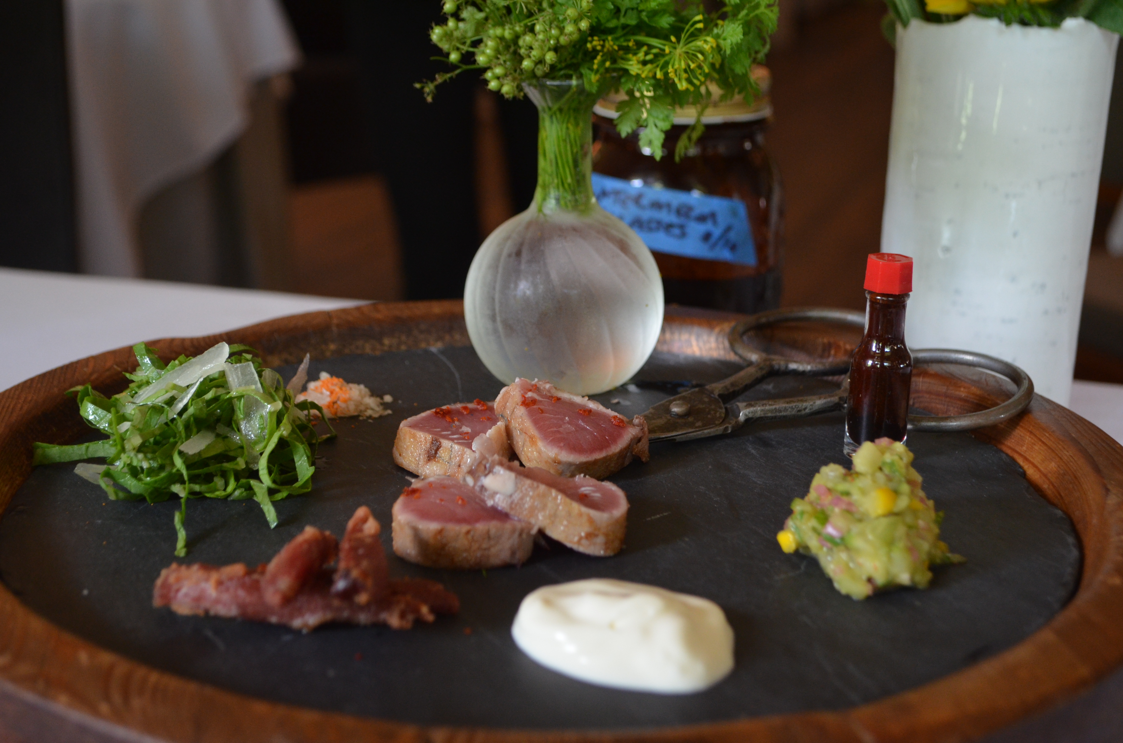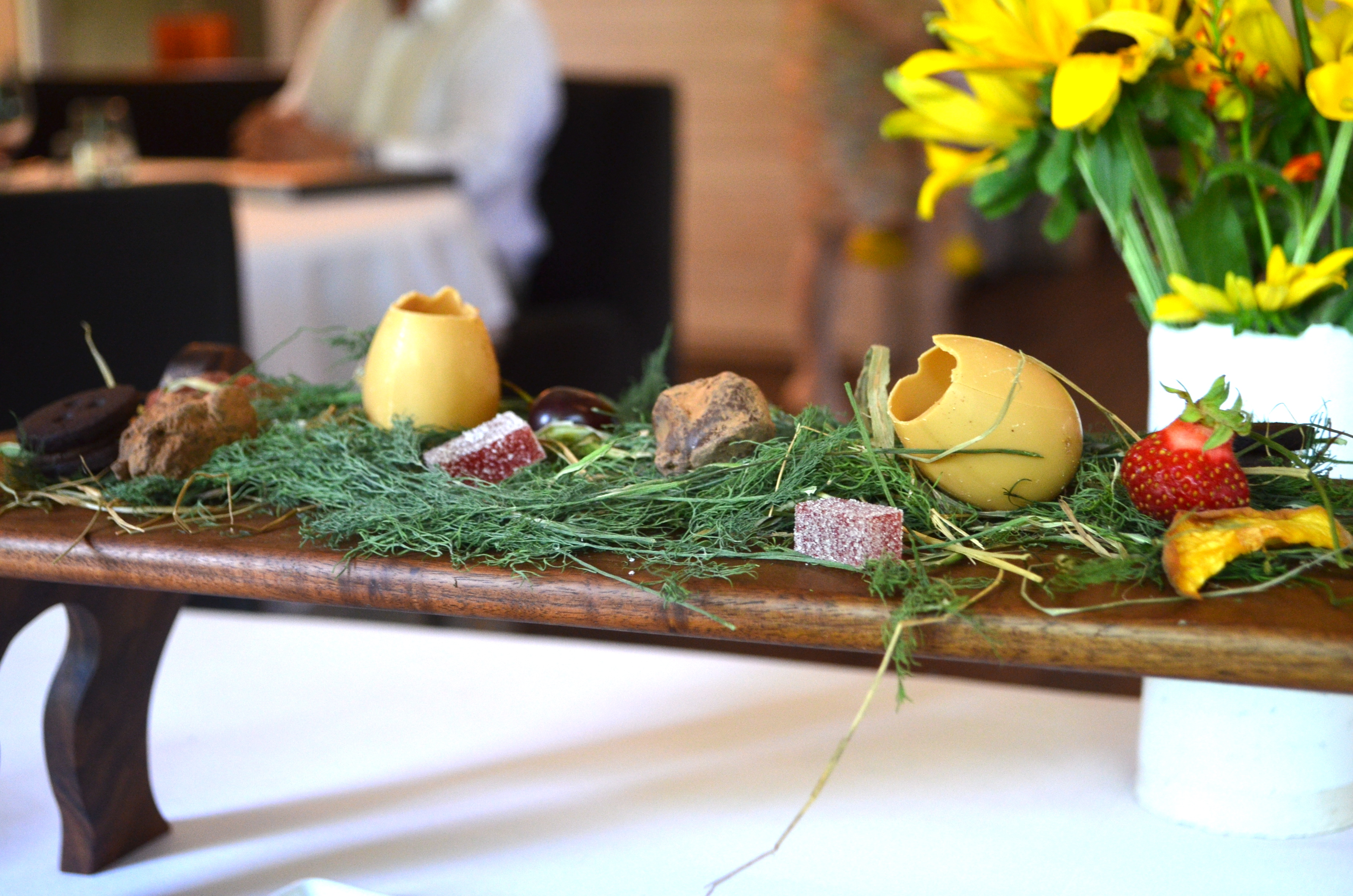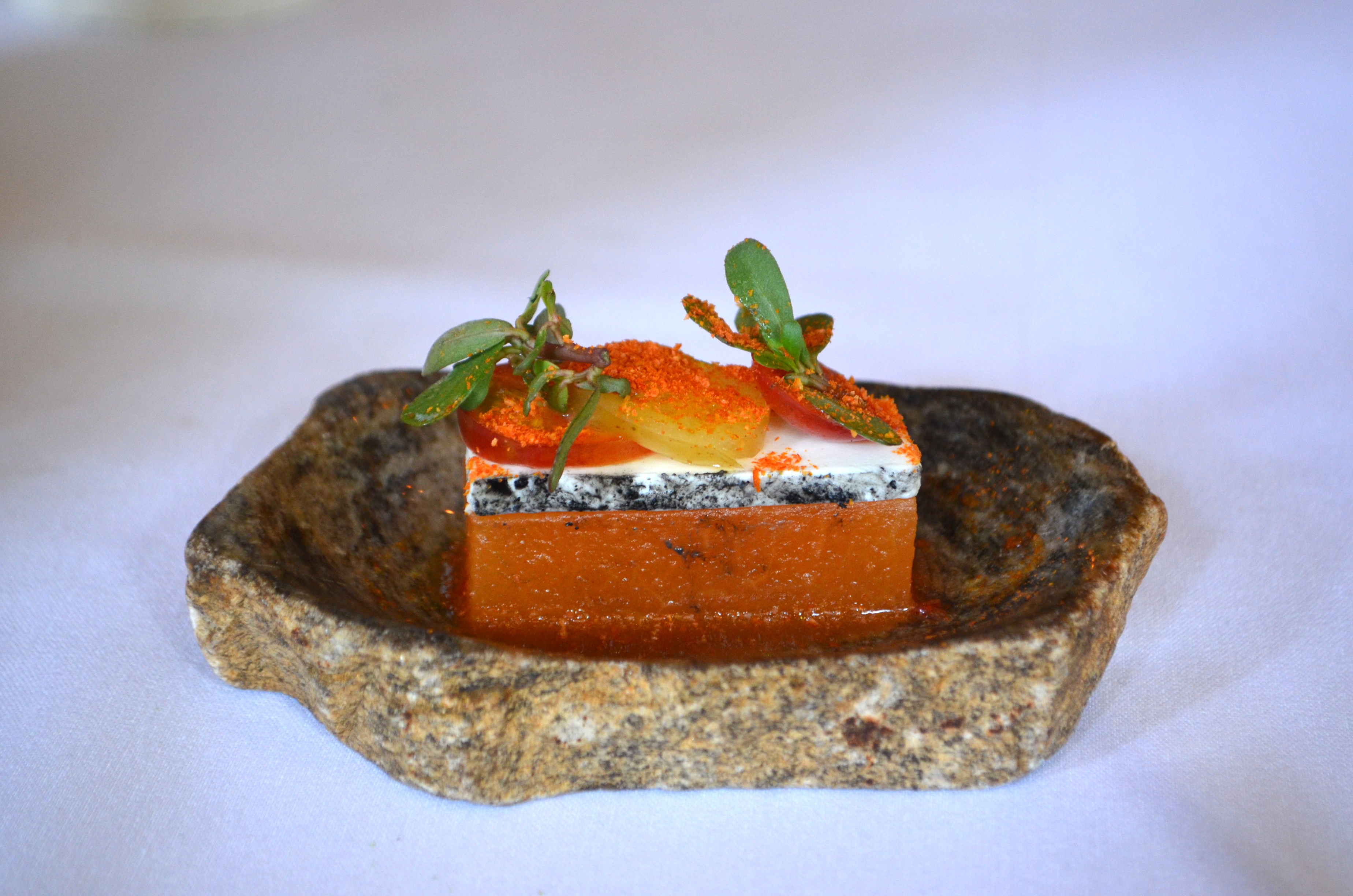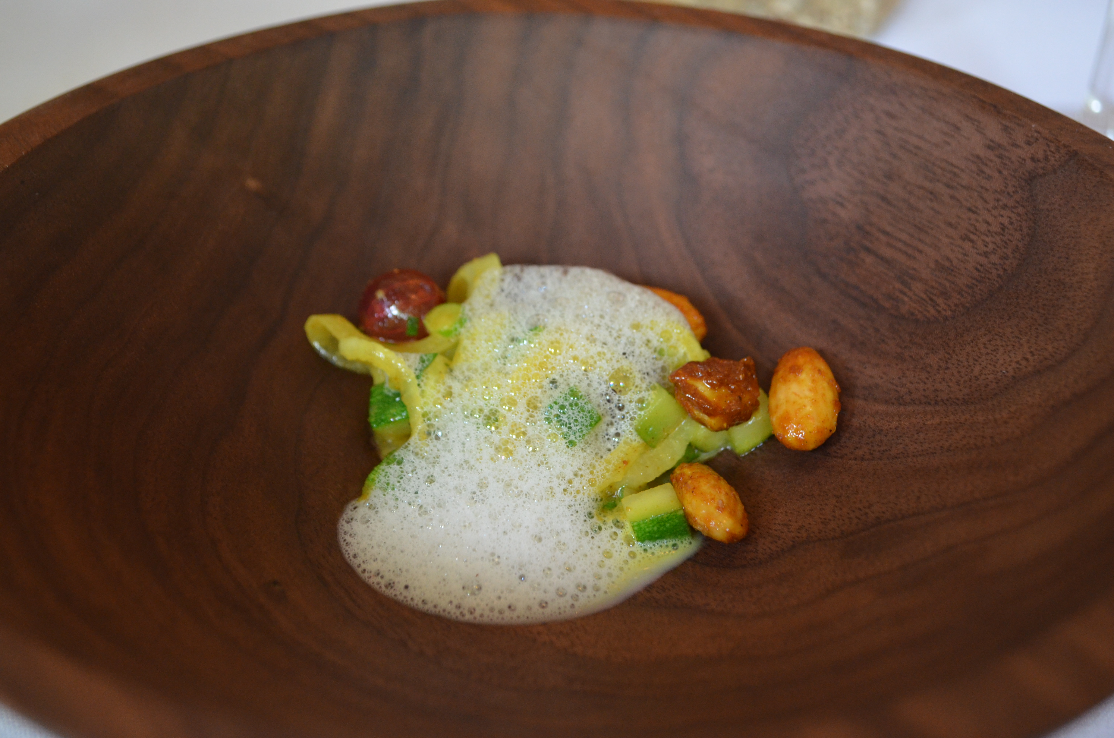 Côté table, un menu dégustation en 10 plats : beaucoup de légumes et d’herbes, aux goûts très prononcés (ah que c’est bon de retrouver le vrai goût des tomates), des présentations originales, une bonne première partie du repas à manger sans couverts, uniquement avec les mains.
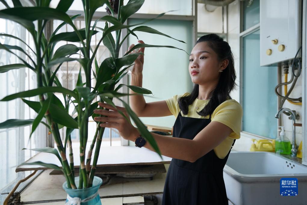 依波逢在位于昆明的住處打理綠植(7月15日攝)。
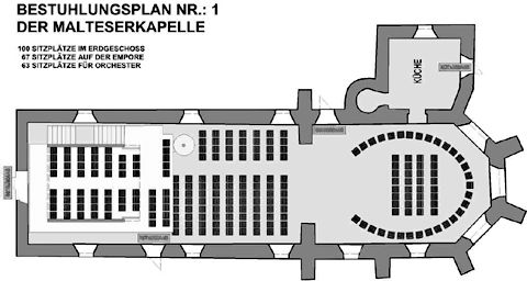 Grundriss mit Bestuhlungsplan für ehem. Kapelle, Langhaus und Empore.
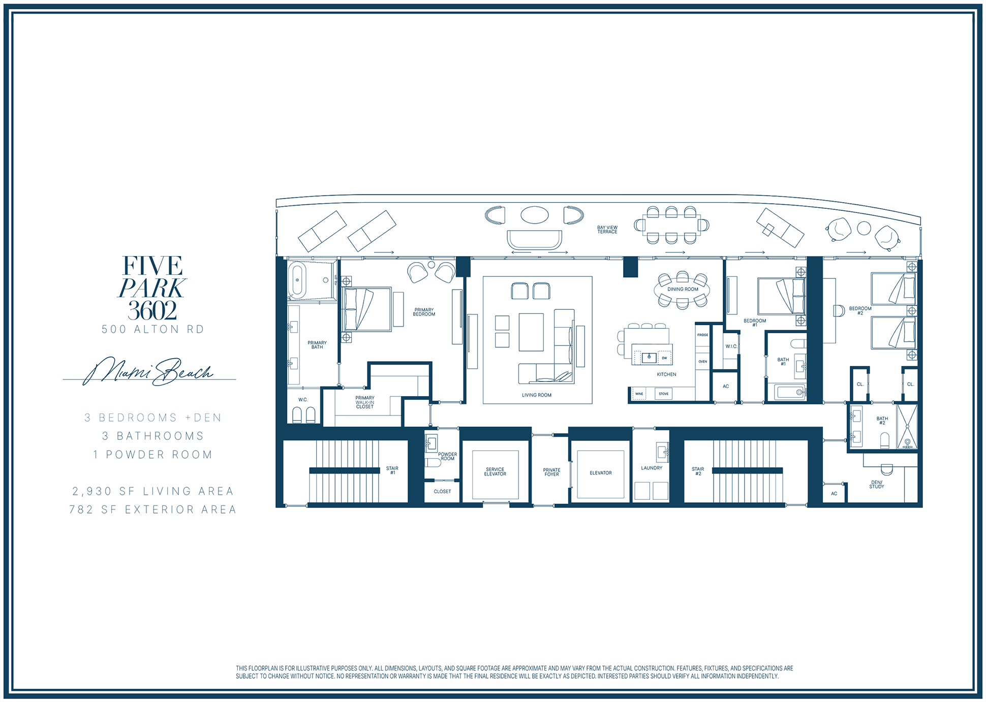 An 800 SF terrace reveals sweeping views of the Miami skyline and Biscayne Bay offering breathtaking views day and night.
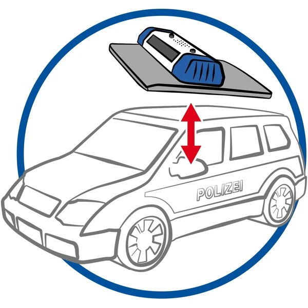 Polizei-Einsatzwagen mit Anhängerkupplung und abnehmbarem Dach bietet Platz für bis zu 4 Figuren. In der Mittelkonsole ist Platz für das enthaltene Funkgerät. Über den Umschalter an der Unterseite des Soundmoduls kann zwischen zwei verschiedenen Sirenensounds gewechselt werden. Das Licht- und Soundmodul (1,5-V-Micro-Batterie nicht enthalten) ist mit Auto-Power-Off-Technologie ausgestattet. Nach Umklappen der Rückbank findet die Hundetransportbox aus Art. 6878 Platz im Kofferraum des Fahrzeugs.
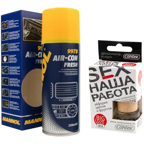Одной из основных причин неприятного запаха в системе кондиционирования являются загрязнения, скапливаемые на его испарителе. Со временем загрязнения накапливаются и автокондиционер требует использования очистителей. Очиститель кондиционера автомобиля MANNOL поможет Вам эффективно и без разборки очистить систему кондиционирования!Очиститель кондиционера авто MANNOL предназначен для дезодорации и профилактики любых типов автомобильных кондиционеров, каналов вентиляции или воздуховодов автомобилей без демонтажа салонного фильтра. Благодаря высокоэффективному составу данный очиститель также предупреждает аллергические заболевания, удаляя вредные микроорганизмы с ячеек системы кондиционирования.Одним из главных преимуществ очистителя автокондиционера является отсутствие необходимости разборки системы кондиционирования. Очиститель очень прост в использовании и не требует применения дополнительных инструментов. После очистки салон автомобиля наполнится свежим и чистым воздухом.С помощью ароматизатора дерево CONTEX SEX наша работа Вы дополните эффект от очистки системы вентиляции и сможете обновить аромат в салоне. Ароматизатор наполнит салон Вашего автомобиля утренним концертом из цветочных и фруктовых запахов с восточными оттенками.Из-за подвесного формата Вы сможете сами выбрать, где расположить данный ароматизатор, он безопасен при использовании на постоянной основе.Преимущества комплекта:Приятная цена;Качественный состав;Ароматизатор создаст приятную атмосферу в салоне автомобиля;После очистки снизится риск появления аллергических заболеваний;Ароматизатор наполнит салон Вашего автомобиля утренним концертом из цветочных и фруктовых запахов с восточными оттенками;Комплект из очистителя кондиционера и ароматизатора вернет Вашему салону свежесть;Благодаря очистителю Вы эффективно и быстро устраните неприятные запахи, бактерии, грибковую плесень и причину их появления в будущем;Легкость в применении: очиститель используется без демонтажа салонного фильтра и разборки системы кондиционирования, а сама процедура очистки не займет много времени.
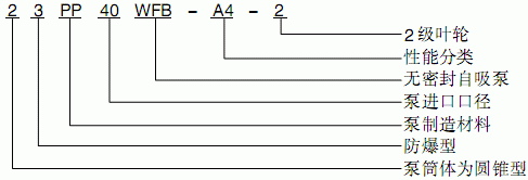 假設水泵的要求是:造型為圓錐型防爆型,其它要求同上,這臺水泵的完整型號為“2.4BXG40WFB-A4-2”。
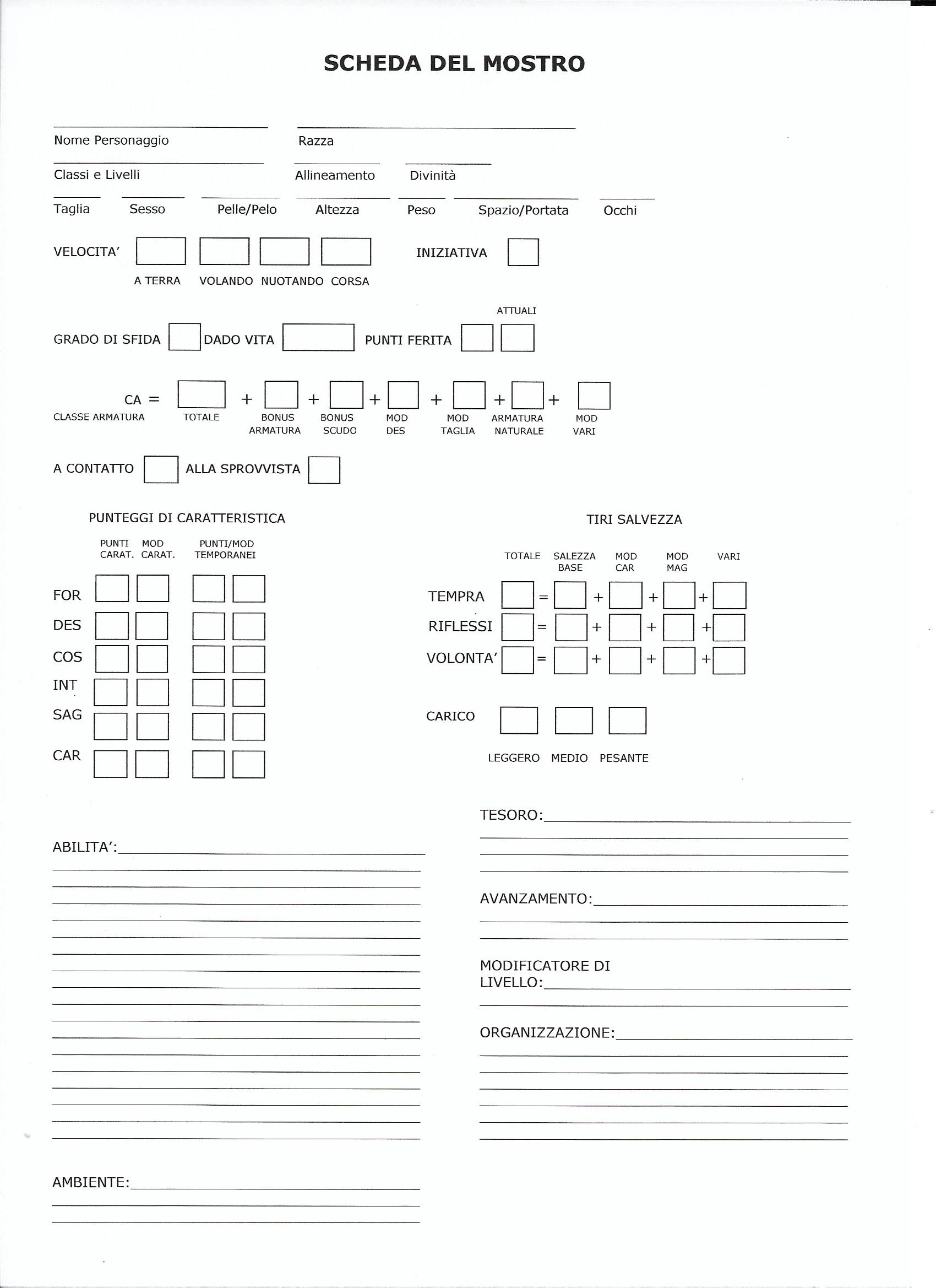Ciao, Non riuscendo a trovare una scheda per i mostri ne ho fatta una io. Spero che sia utile a qualcuno
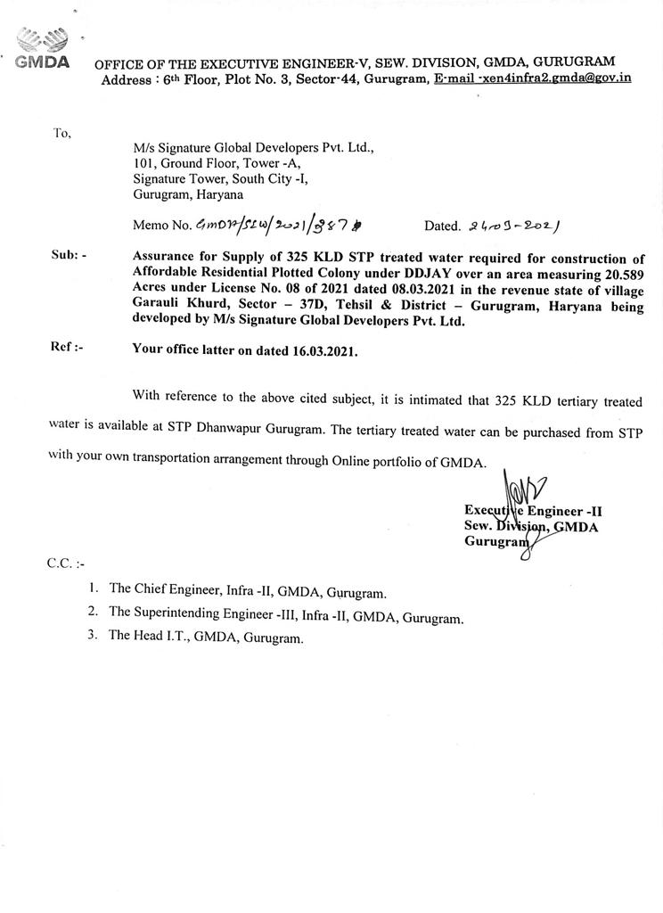 V. STP TREATED WATER GMDA/SEW/2021/387
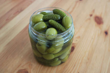 Small pickles. Marinated pickled cucumbers in jar on kitchen table.
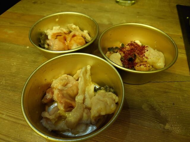 塩系と辛系のホルモンを注文
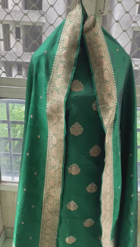 Green Handwoven Benarsi Pure Raw silk Suit set

● ● ● ●

### TASK TO CARRY OUT
Would you restate word for word each line from the one that holds "假設水泵的要求是:造型為圓錐" to the end of the material, both ends included, without the pictures?

### FINISHED TASK
 假設水泵的要求是:造型為圓錐型防爆型,其它要求同上,這臺水泵的完整型號為“2.4BXG40WFB-A4-2”。
Ciao, Non riuscendo a trovare una scheda per i mostri ne ho fatta una io. Spero che sia utile a qualcuno
 V. STP TREATED WATER GMDA/SEW/2021/387
 Small pickles. Marinated pickled cucumbers in jar on kitchen table.
 塩系と辛系のホルモンを注文
 Green Handwoven Benarsi Pure Raw silk Suit set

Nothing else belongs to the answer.